Port-forward pprof port

of query-service container:

Copy code

kubectl -n platform port-forward pod/my-release-signoz-query-service-0 6060:6060

In another terminal, run the following to obtain pprof data: • CPU Profile

Copy code

curl "<http://localhost:6060/debug/pprof/profile?seconds=30>" -o query-service.pprof -v

• Heap Profile

Copy code

curl "<http://localhost:6060/debug/pprof/heap>" -o query-service-heap.pprof -v

Alexei Zenin

08/30/2022, 6:34 PM

Thanks ill see if I can do this sometime soon (will map these instructions to ECS)

👍 2

Alexei Zenin

09/20/2022, 4:01 PM

Haven’t had the time to do any of the profiling, but hit memory limit again with 4000MB allocated to container. Seems it was fine for a week or so hovering around 70% max usage but then eventually hit 98% and started crashing with OOM. Now just cycles, will need to bump to 5000MB.

Alexei Zenin

09/20/2022, 4:03 PM

Ingesting about 250K spans per hour (5.5 million spans per day = 6GB per day in Clickhouse)

Ankit Nayan

09/20/2022, 4:37 PM

@Alexei Zenin what are the outputs of the below commands?

Copy code

select count() from signoz_metrics.time_series_v2;

Copy code

select count() from signoz_metrics.samples_v2 where timestamp_ms > toUnixTimestamp(now() - INTERVAL 30 MINUTE)*1000;

Ankit Nayan

09/20/2022, 4:38 PM

We probably got a lot of stale timeseries

👀 1

Alexei Zenin

09/20/2022, 7:29 PM

Copy code

SELECT count()
FROM signoz_metrics.time_series_v2

Query id: 195009d4-26ea-49e1-86fb-15dc7de0313a

┌─count()─┐
│ 2449091 │
└─────────┘

1 row in set.

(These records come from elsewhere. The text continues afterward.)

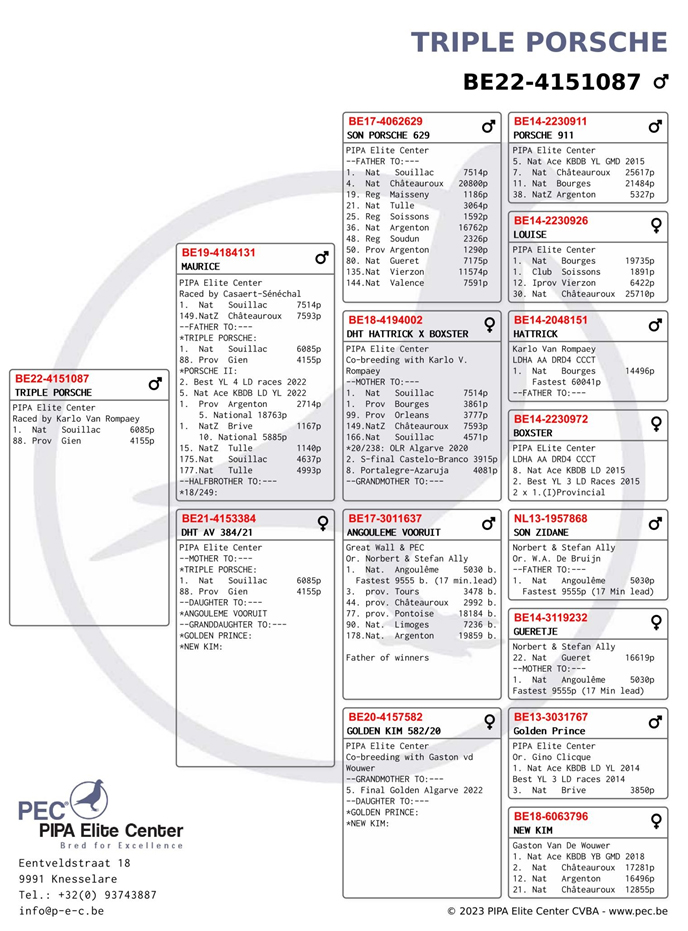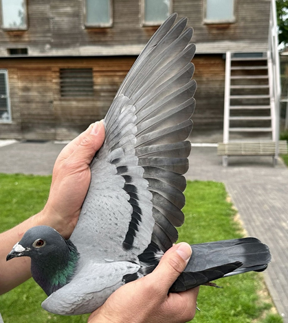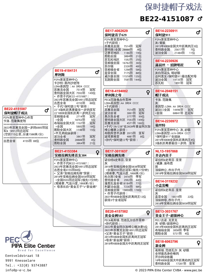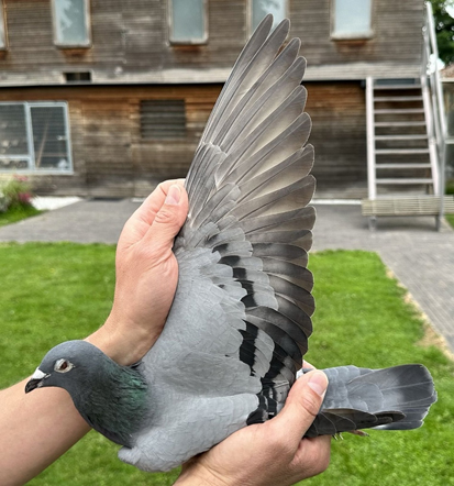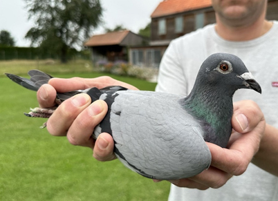 獲得比利時2023年蘇雅克"一歲鴿6.085羽"全國冠、亞軍-是卡洛.範隆佩(Van Rompaey Karlo) (Sint-Truiden)鴿舍,該舍冠軍鴿B22-4151087灰公是在7月30日(星期日)下午14時52分19秒完成打鐘,空距為715.821公里,平均分速為1500.04 米/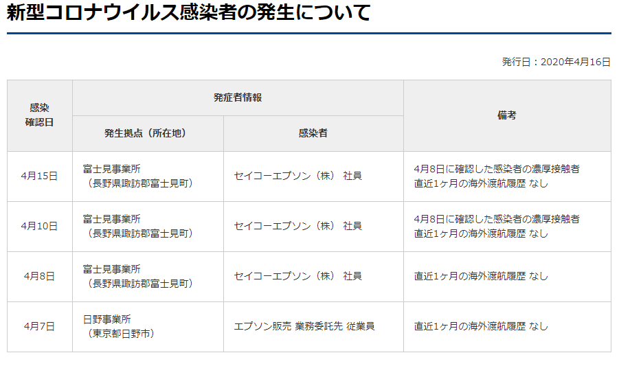 このたび、「緊急事態宣言」が全國に拡大されたことにより、従業員の安全を第一として、従來予定していたエプソングループの休日カレンダーを変更し、4月25日から5月6日までの稼働日4日を休日とすることで、地域社會の皆さまとの接觸を最大限削減することとしました。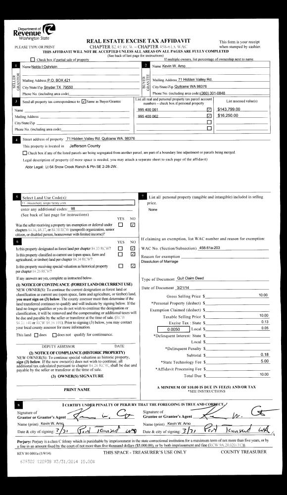 | 1 | 10/24/2014 | QCD | Quit Claim Deed | JOHN V/LISA M PEDERSEN ETAL | KIRIE C PEDERSEN | | | $0.00 | 122416 | |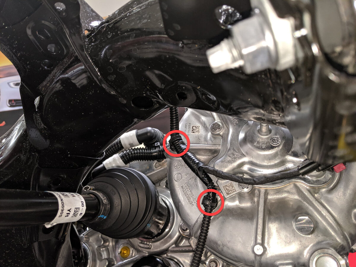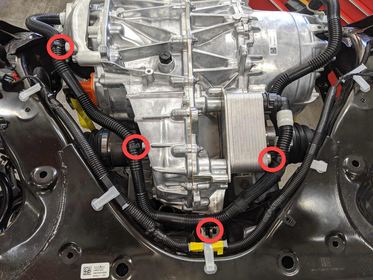 - 松开将后副车架线束固定到后驱动单元的夹子(2 个)。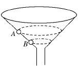 5、选择题 如图所示,固定的锥形漏斗内壁是光滑的,内壁上有两个质量相等的小球A和B,在各自不同的水平面做匀速圆周运动,以下说法正确的是(? )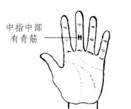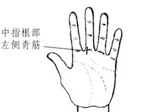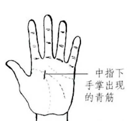 代表先天肾气不足。而且腰腿没劲、酸软。同样是青筋越长、越深,病情就越重。中指下手掌有青筋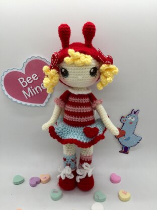 Bee Mine is 9 inches tall using a 2.50mm hook and Paintbox simply dk yarn. Although you may use any size hook or yarn, she will be smaller or taller. She is made from legs up to top of her head, one continuous piece. Attachment of arms, wings and hat by sewing. Pattern is written in English using US terminology Pdf file Printable eyes This is a PDF pattern not the finished item. Difficulty level : advanced beginner knowledge of basic stitches is required. with some intermediate bits. Magic ring chain stitch single crochet double crochet back loop increase decrease color change slip stitch hdc All rights reserved. No part of this PDF file may be reproduced, resold or redistributed in any form. You are welcome to sell your finished Item from this pattern. Please provide a link.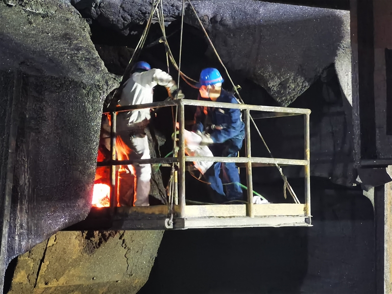 此次檢修時間緊、任務重,為了高質量完成檢修任務,該單位黨員干部瞄準目標、通力協作,“釘”在檢修現場。恰逢高溫時節,檢修現場酷熱異常,從爐口散發出來的熱浪令人望而生畏。而所有參與檢修的斗士們毫不畏懼,他們身著白色阻燃服、腳踩專用耐高溫鞋,全副武裝,冒著炙烤進行“清爐襯”作業。由于爐內空間狹窄,加之溫度高,清爐襯過程異常艱難。他們分為兩組,輪換作業,保證進度絲毫不減。汗水浸濕了工服,汗珠往下滴個不停,而檢修隊員毫不理會,他們拼著勁往前沖……在他們的全力拼搏下,原本計劃一天拆完爐襯,他們只用了半天就完成了,這就是煉鋼速度。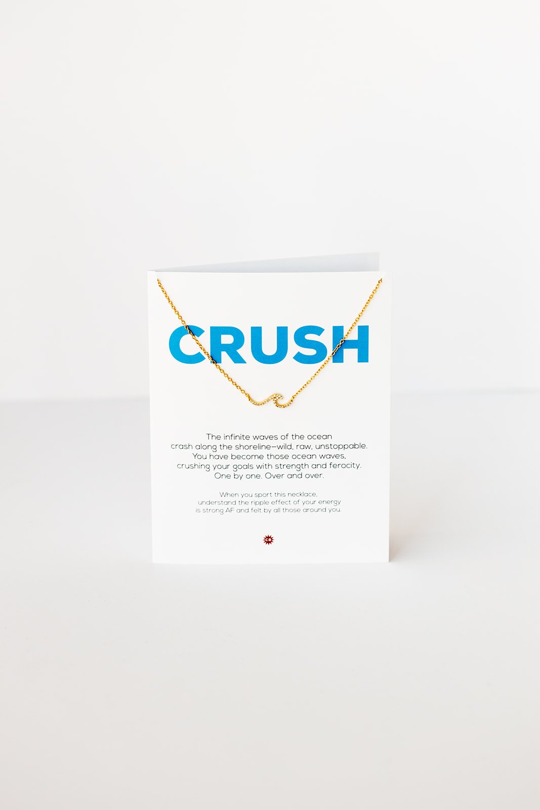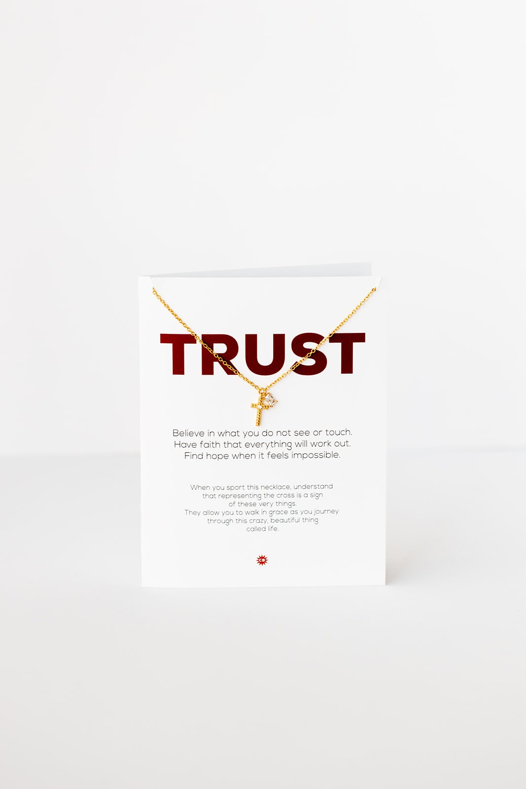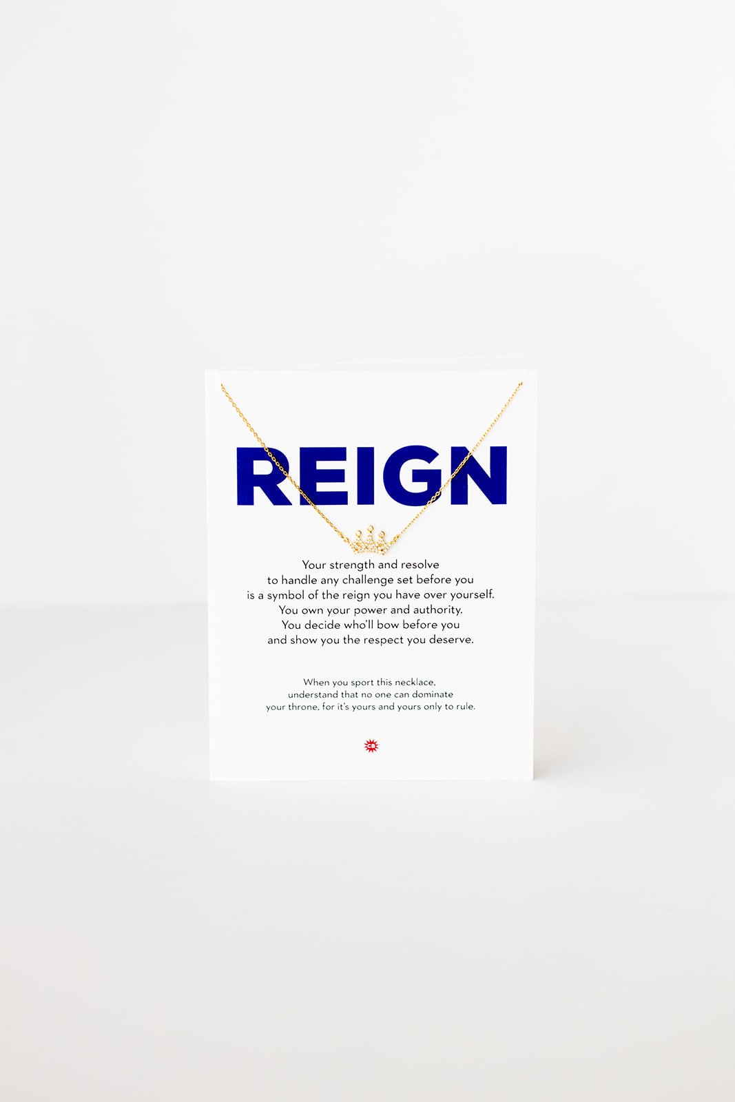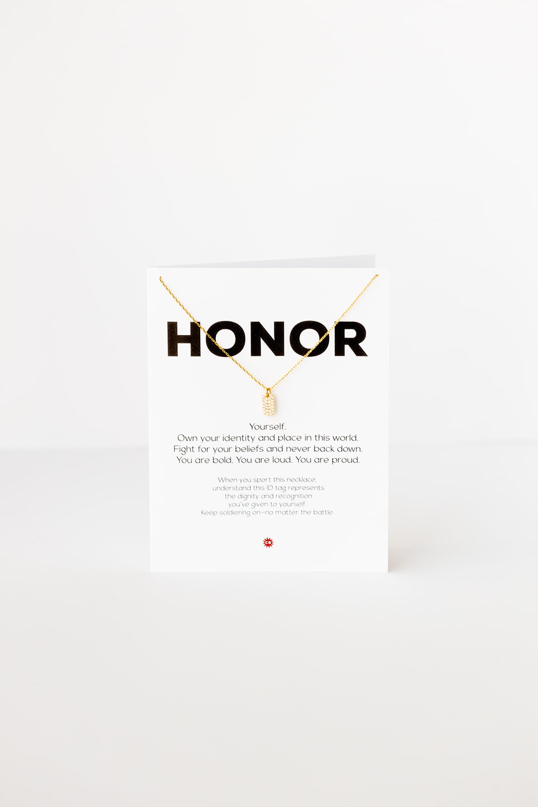 - necklace hangs on a 4.25 X 5.5 greeting card with gold metallic envelope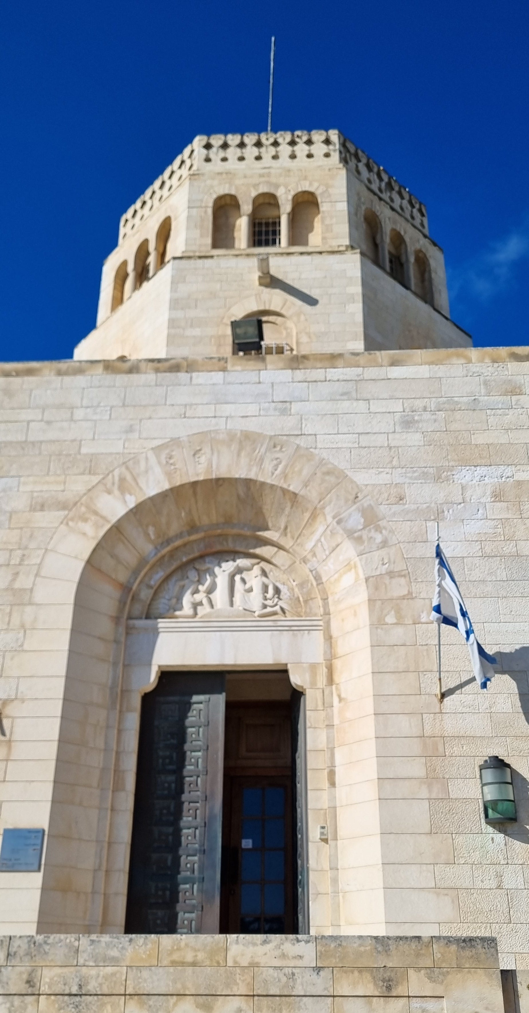 An Israeli flag flies over the entrance to the Rockefeller Museum, which was opened by the British in 1938. Credit: Ben Bresky, 2026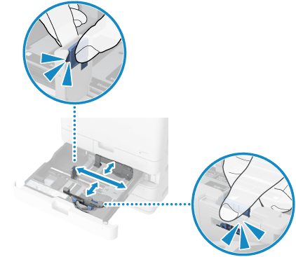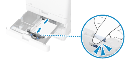 ロック解除レバーをつまみながら、用紙ガイドを用紙の幅に合わせます。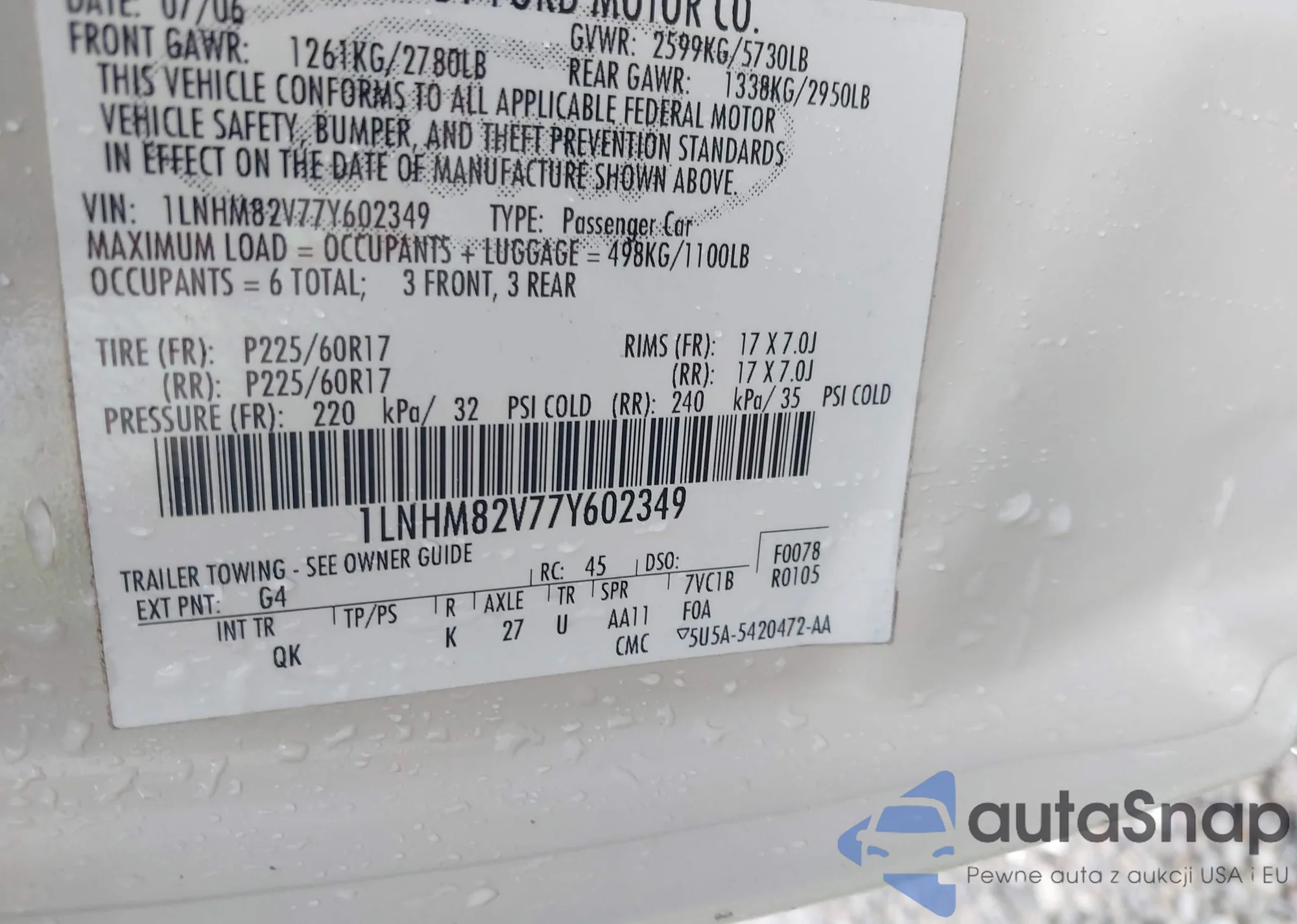 LOT: 42512556 VIN: 1LNHM82V77Y602349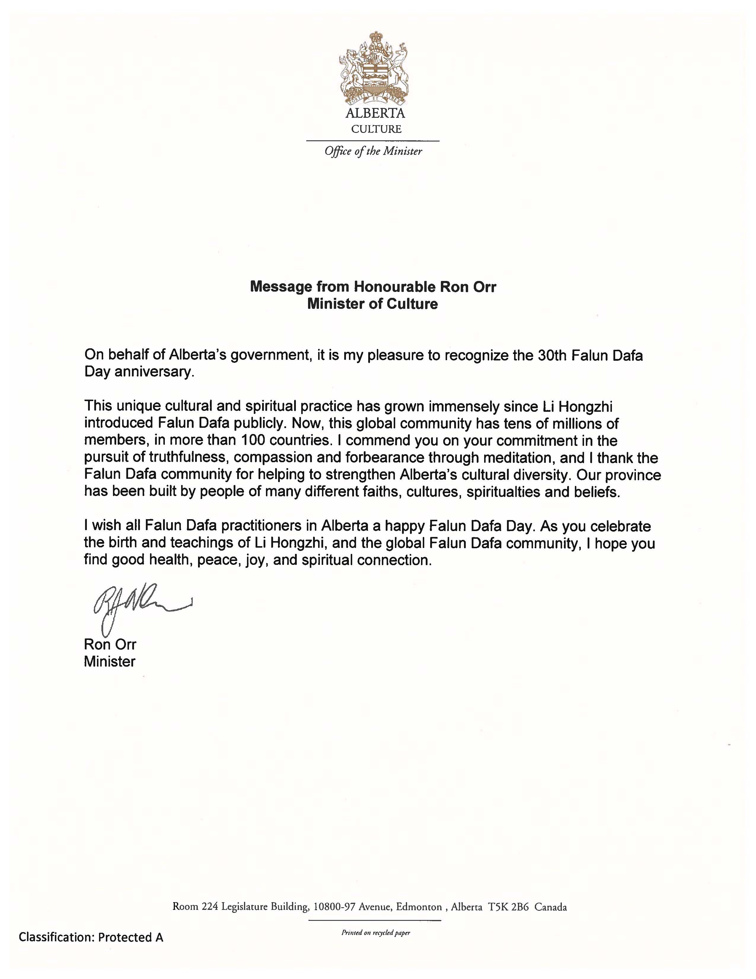 【明慧网二零二二年五月二十日】在法轮大法洪传世界三十周年的里程碑时刻,加拿大亚省(Alberta)三级政要发来贺信和视频,恭祝法轮大法日。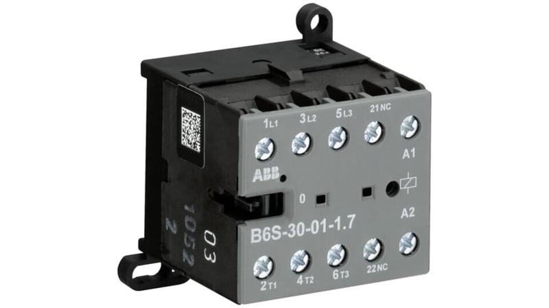 The ABB B6S-30-01 mini contactor is a compact 3 pole contactor with 1 auxiliary contact and screw terminals. Its ideally suited for applications where reliability is a must and space is at a premium. Mini contactors are used in residential buildings, commercial buildings and industrial applications for the control of single or three-phase loads up to 4 kW (AC-3) and 20 A / 690 V (AC-1) or switching of control signals._x000D_

Elapsed: 0.002 sec. 

SELECT count()
FROM signoz_metrics.samples_v2
WHERE timestamp_ms > (toUnixTimestamp(now() - toIntervalMinute(30)) * 1000)

Query id: 1941f1fd-56c8-4a6d-8f28-e6fc9bdab919

┌─count()─┐
│    2714 │
└─────────┘

1 row in set. Elapsed: 0.005 sec. Processed 40.58 thousand rows, 324.64 KB (8.54 million rows/s., 68.31 MB/s.)

Alexei Zenin

09/20/2022, 7:37 PM

Out of curiosity when would a time series become stale? Our containers come up and down dozens of times per day, would that affect it (due to rescheduling of EC2 Spot instances)?

Alexei Zenin

09/22/2022, 2:48 PM

Does that confirm your suspicion? ^

Ankit Nayan

09/22/2022, 2:51 PM

oh.. you have 2.5M timeseries labels and you receive data from 90 timeseries per min (2714 datapoints in 30 mins).

👍 1

Ankit Nayan

09/22/2022, 2:51 PM

Our containers come up and down dozens of times per day, would that affect it (due to rescheduling of EC2 Spot instances)?

yes .. heavily...

Ankit Nayan

09/22/2022, 2:52 PM

do you have any timeseries whose frequency of data collection is >1min?

Ankit Nayan

09/22/2022, 2:52 PM

and what's the retention for metrics? I am trying to think of a way out of this

Alexei Zenin

09/22/2022, 2:53 PM

not sure, is there a query i can run? Currently it is until disk reaches some move factor then unloads to S3

Ankit Nayan

09/22/2022, 2:57 PM

you configure scraping interval in your otel-collectors

Ankit Nayan

09/22/2022, 2:58 PM

not a way to get that by api IMO

Ankit Nayan

09/22/2022, 2:58 PM

what's the retention for metrics?

this can be seen in the UI => settings page

Ankit Nayan

09/22/2022, 3:00 PM

Let's just truncate the timeseries table and restart otel-collectors...this should free up memory and will start writing timeseries labels again

Ankit Nayan

09/22/2022, 3:00 PM

Copy code

truncate table signoz_metrics.time_series_v2;

and, restart otel-collectors

Alexei Zenin

09/22/2022, 3:01 PM

Right now unlimited retention, haven’t set it, meant a query to see the timeseries >1min. In terms of scraping most of the traces are being pushed to the collectors via an agent which then send to the SigNoz collector stack. Which scraping are you referring to?

Alexei Zenin

09/22/2022, 3:01 PM

truncating the table would delete the data?

Ankit Nayan

09/22/2022, 3:02 PM

not the data...just the labels.. do you see charts whose data you did not collect say in the last 1hr?

Ankit Nayan

09/22/2022, 3:02 PM

wait let me think of a smarter solution

Ankit Nayan

09/22/2022, 3:02 PM

do you see charts whose data you did not collect say in the last 1hr?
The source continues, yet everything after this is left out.